=== Section Start ===

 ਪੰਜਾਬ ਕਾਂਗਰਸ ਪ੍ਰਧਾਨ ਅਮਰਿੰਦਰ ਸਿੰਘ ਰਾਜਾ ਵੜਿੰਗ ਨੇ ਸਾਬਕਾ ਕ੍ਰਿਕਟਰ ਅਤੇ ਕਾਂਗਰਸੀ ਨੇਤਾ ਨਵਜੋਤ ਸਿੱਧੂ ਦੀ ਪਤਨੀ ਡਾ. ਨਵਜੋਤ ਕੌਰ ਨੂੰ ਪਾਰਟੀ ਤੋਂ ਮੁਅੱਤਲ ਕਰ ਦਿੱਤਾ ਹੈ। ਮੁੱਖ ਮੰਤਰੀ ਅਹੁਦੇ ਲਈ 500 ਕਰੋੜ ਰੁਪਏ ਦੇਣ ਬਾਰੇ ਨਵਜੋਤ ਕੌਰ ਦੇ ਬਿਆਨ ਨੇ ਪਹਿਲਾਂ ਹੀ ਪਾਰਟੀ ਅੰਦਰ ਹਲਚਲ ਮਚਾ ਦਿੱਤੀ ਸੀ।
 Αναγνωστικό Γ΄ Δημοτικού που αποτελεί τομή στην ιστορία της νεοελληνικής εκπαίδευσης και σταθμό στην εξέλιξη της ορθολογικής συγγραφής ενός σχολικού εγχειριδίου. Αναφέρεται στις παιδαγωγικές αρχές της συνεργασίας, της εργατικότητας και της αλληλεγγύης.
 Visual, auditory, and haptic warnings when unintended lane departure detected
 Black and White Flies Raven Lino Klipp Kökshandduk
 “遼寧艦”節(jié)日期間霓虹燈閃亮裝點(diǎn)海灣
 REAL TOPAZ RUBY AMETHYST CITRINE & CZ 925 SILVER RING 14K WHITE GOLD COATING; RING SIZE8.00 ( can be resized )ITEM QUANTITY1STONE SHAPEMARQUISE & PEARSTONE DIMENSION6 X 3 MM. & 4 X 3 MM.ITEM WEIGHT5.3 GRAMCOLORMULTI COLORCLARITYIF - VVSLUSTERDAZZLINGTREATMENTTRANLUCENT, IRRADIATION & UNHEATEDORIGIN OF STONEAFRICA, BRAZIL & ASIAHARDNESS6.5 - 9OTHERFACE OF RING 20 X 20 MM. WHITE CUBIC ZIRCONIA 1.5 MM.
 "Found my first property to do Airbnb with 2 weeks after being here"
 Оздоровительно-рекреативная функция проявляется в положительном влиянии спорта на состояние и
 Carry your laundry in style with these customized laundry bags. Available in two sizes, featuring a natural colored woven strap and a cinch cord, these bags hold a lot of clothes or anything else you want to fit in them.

=== Section End ===
=== Section Start ===

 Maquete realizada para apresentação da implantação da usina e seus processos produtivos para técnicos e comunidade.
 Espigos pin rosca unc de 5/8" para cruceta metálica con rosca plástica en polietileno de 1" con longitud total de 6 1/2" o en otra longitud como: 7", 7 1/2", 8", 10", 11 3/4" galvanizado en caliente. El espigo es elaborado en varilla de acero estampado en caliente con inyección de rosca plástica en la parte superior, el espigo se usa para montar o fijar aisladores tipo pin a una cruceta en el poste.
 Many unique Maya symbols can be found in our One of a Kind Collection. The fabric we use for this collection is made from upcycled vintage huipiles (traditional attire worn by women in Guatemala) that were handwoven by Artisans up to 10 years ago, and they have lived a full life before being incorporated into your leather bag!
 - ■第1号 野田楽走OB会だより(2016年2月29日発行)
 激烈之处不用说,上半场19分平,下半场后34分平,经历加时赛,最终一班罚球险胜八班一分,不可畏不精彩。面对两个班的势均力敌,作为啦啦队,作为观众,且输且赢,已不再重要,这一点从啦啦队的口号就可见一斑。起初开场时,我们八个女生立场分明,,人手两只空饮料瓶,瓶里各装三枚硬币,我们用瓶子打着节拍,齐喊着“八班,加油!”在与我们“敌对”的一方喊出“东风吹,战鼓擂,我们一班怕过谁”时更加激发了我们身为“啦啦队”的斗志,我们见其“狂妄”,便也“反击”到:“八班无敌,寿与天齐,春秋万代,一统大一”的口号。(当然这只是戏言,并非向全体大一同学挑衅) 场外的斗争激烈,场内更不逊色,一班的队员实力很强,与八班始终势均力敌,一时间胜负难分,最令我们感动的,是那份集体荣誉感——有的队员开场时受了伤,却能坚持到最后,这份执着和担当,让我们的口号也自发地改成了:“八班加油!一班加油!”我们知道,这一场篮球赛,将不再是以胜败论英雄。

=== Section End ===

[Required work]
Looking at the data above, return every line from the one with "Оздоровительно-рекреативная функция проявляется" down to the one with "Carry your laundry", exactly and inclusively.

[Exercise solution]
 Оздоровительно-рекреативная функция проявляется в положительном влиянии спорта на состояние и
 Carry your laundry in style with these customized laundry bags. Available in two sizes, featuring a natural colored woven strap and a cinch cord, these bags hold a lot of clothes or anything else you want to fit in them.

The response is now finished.